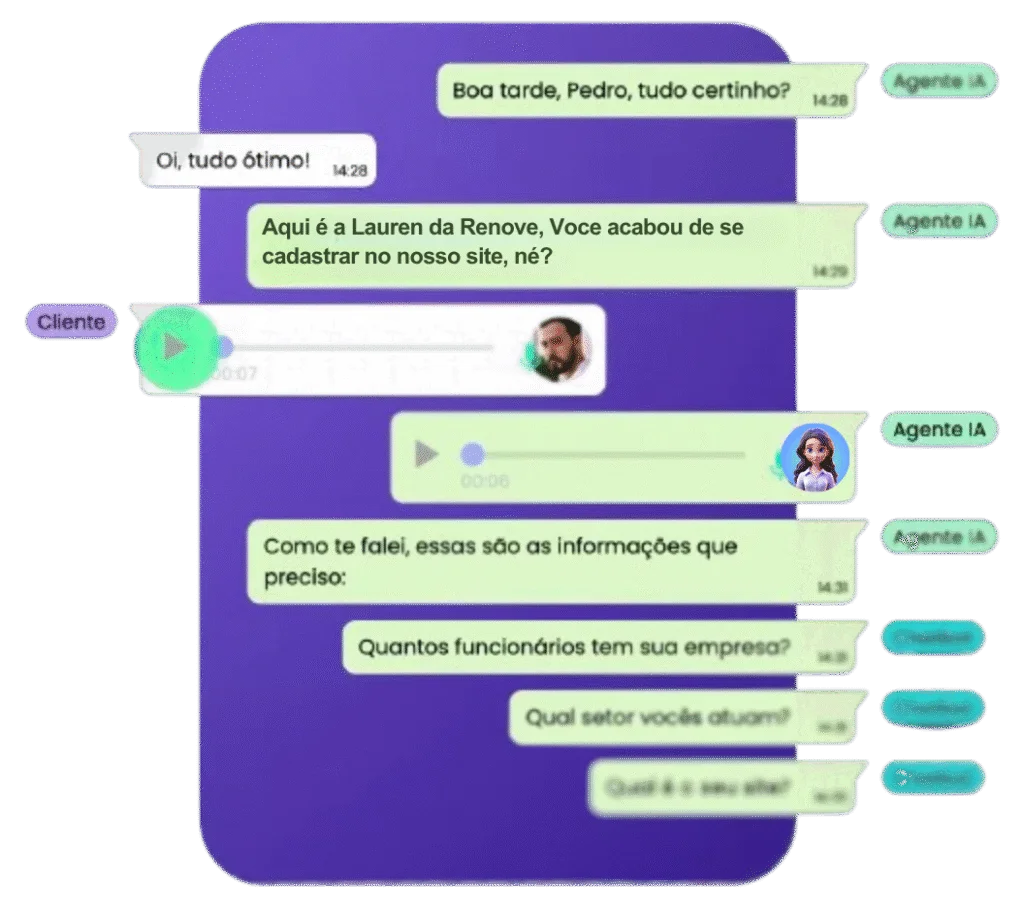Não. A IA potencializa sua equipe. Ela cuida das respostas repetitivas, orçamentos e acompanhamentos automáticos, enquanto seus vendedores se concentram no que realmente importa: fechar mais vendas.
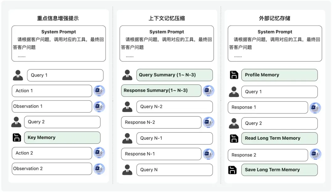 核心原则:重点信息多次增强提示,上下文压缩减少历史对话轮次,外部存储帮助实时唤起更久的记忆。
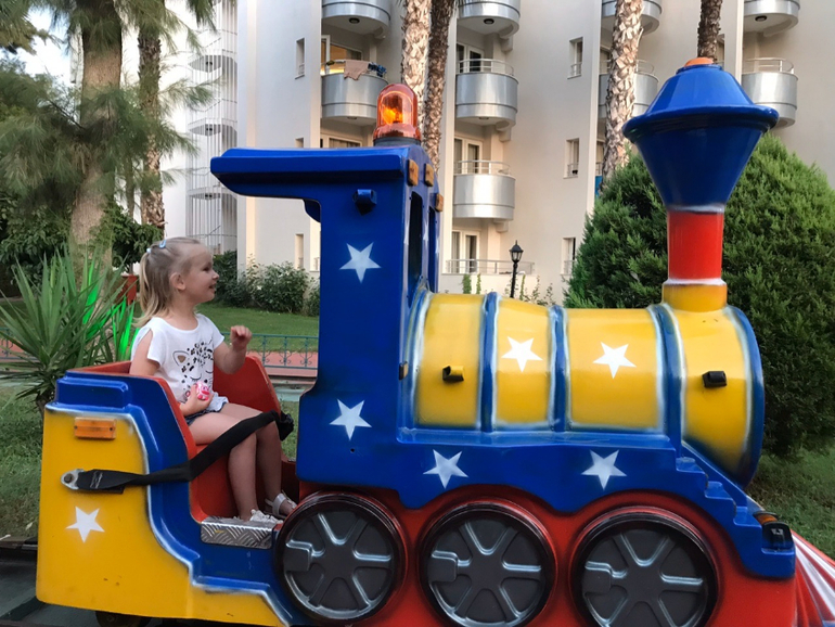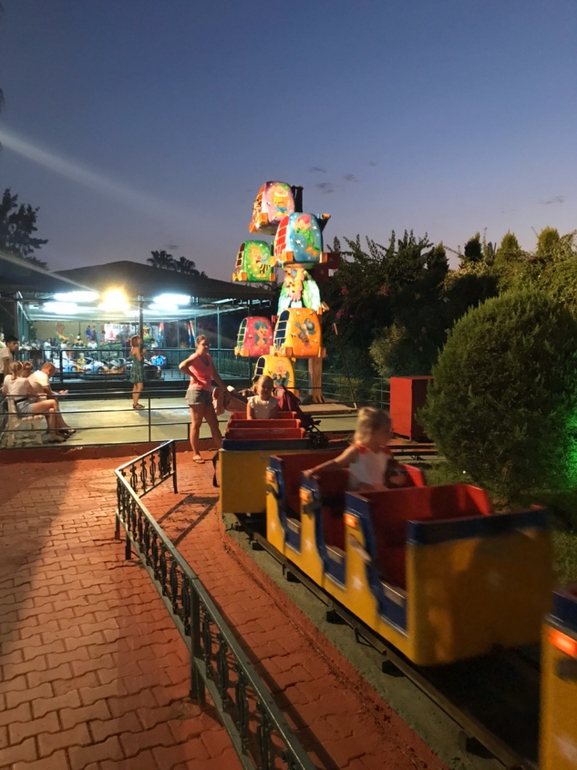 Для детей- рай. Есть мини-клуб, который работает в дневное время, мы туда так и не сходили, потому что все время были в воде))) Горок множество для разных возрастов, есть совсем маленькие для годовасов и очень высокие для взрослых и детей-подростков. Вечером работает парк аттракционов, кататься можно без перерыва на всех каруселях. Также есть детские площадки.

━━━━━━━━

Apart from the pictures, all of the data must be duplicated exactly as shown above.

Não. A IA potencializa sua equipe. Ela cuida das respostas repetitivas, orçamentos e acompanhamentos automáticos, enquanto seus vendedores se concentram no que realmente importa: fechar mais vendas.
 核心原则:重点信息多次增强提示,上下文压缩减少历史对话轮次,外部存储帮助实时唤起更久的记忆。
 Для детей- рай. Есть мини-клуб, который работает в дневное время, мы туда так и не сходили, потому что все время были в воде))) Горок множество для разных возрастов, есть совсем маленькие для годовасов и очень высокие для взрослых и детей-подростков. Вечером работает парк аттракционов, кататься можно без перерыва на всех каруселях. Также есть детские площадки.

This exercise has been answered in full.